Starting two years ago, hundreds of thousands of BitTorrent users who allegedly shared films without the consent of copyright holders have been dragged to court in the US.

The aim of the copyright holders, or copyright trolls, is never to take any of the cases to trial.

Instead they want alleged infringers to pay a substantial cash settlement to make legal action go away. Some equal this scheme to extortion, but the copyright holders say they are merely protecting their work.

One of the most active law firms engaged in these mass-BitTorrent lawsuits is Prenda Law. The firm has filed numerous lawsuits on behalf of adult entertainment companies and is frequently accused of harassment-like practices once they obtain the identity of account holders. For example, the firm is known to call accused BitTorrent pirates at their homes, urging them to pay up.

Starting last week, however, these ‘live’ phone calls we replaced by so-called robocalls. Instead of a real person, the accused now hear a previously recorded message. While these calls may be cheap and effective, the way they are carried out by Prenda Law raises all sorts of question.

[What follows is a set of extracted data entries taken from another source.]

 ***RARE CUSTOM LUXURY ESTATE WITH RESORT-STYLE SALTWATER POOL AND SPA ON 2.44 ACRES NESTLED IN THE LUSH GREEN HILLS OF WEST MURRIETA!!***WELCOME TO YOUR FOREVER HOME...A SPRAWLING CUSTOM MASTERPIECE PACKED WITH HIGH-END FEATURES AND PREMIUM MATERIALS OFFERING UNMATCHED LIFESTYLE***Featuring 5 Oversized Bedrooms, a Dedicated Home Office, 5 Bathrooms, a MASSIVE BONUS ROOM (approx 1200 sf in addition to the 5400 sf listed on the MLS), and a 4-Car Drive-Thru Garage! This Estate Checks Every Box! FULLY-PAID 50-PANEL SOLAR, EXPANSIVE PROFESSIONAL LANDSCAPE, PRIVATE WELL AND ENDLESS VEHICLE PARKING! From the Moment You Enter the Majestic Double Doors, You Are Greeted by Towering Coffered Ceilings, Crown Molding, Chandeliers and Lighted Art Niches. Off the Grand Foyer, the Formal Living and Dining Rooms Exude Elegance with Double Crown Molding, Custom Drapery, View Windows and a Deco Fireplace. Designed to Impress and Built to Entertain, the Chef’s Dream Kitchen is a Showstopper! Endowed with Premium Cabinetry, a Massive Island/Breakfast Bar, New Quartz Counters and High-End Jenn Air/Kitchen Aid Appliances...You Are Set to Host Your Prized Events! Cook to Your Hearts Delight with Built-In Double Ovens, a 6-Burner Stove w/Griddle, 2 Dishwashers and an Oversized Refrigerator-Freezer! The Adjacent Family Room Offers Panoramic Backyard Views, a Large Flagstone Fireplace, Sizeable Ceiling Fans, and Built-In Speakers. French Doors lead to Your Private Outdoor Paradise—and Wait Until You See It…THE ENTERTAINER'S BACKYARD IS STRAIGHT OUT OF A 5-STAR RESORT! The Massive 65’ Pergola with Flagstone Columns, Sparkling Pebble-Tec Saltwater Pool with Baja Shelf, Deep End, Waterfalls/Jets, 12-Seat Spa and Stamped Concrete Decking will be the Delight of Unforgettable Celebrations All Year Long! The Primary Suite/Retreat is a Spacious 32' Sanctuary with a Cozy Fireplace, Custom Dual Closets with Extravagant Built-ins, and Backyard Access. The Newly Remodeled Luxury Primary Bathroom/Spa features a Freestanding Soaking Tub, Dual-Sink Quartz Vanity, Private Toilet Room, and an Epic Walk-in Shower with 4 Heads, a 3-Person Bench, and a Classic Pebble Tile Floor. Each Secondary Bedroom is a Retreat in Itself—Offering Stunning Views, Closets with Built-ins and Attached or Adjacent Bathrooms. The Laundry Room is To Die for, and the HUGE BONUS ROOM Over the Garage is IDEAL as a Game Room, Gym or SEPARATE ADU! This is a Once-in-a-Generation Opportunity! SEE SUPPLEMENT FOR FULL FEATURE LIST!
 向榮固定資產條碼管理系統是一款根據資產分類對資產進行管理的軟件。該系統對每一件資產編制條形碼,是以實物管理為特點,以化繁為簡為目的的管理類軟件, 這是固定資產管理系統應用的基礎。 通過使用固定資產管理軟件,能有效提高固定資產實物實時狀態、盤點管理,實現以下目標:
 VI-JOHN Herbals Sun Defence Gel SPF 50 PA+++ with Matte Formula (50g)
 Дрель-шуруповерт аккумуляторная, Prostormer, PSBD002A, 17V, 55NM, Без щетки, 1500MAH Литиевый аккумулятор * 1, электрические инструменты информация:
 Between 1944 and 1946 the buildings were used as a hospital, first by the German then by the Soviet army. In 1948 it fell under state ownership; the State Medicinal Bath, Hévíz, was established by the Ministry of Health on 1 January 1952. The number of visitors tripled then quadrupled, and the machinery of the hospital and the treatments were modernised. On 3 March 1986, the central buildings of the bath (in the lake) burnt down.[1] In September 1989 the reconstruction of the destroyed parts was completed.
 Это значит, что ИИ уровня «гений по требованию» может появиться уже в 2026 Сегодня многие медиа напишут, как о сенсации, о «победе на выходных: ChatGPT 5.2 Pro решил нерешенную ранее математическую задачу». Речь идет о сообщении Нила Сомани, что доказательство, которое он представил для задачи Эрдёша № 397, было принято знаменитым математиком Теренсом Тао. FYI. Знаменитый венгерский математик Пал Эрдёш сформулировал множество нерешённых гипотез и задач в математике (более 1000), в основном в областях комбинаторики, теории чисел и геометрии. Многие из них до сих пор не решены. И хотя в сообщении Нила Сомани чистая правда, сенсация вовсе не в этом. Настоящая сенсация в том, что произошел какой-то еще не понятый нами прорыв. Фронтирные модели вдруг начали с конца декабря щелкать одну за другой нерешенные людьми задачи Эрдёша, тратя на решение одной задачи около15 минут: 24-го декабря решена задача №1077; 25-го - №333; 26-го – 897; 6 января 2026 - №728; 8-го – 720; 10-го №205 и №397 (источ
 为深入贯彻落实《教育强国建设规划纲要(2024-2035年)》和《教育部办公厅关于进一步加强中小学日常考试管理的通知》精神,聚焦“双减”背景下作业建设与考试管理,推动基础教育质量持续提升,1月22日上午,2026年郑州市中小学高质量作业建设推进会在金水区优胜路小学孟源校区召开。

A transcript of the call was posted online by DTD and reads as follows. Note that the call suggests that the defendant is working for the law firm.

“This is [accused name] with Prenda Law. With our clients offer to settle being expired now for more than 30 days it is pretty clear to them that you don’t plan to enter into a settlement agreement with them which is fine. This call is to inform you that we are going to start the process of filing a lawsuit with your name in it.”

“At first, you will receive time sensitive documents. We have found that most people do have an attorney review them. If you would like to get an idea of what the complaint will look like just go to our website www{.}wefightpiracy{.}com. We do have some of our recent filings there. If you have any questions give us a call. We can be reached at 305-748-2102 and your reference number is xxxx.”

An interesting technique, but also one that might actually be against the law, as Sophisticated Jane Doe points out. For example, while robocalls are allowed in some states, they are not in others.

Perhaps more worryingly is the suggestion that Prenda Law is targeting their entire database of defendants with these calls. This means that defendants whose cases have been dismissed (even with prejudice) are contacted as well.

The same is true for those defendants who already hired a lawyer. Directly contacting a defendant who’s represented by an attorney is frowned upon, to say the least.

The above shows that the law firms retained by copyright holders can go to extremes to get their settlement fees. In recent months several judges realized this. For example, in the Eastern District of New York they are advised to throw these cases out because they’re a “waste of judicial resources”. In other cases we’ve seen that judges specifically state that ISPs can’t reveal telephone numbers of account holders.

The law firms, however, are smart enough to evade jurisdictions where they are not welcome. And as long as they can convince alleged pirates to settle, through robocalls or not, they will continue business as usual.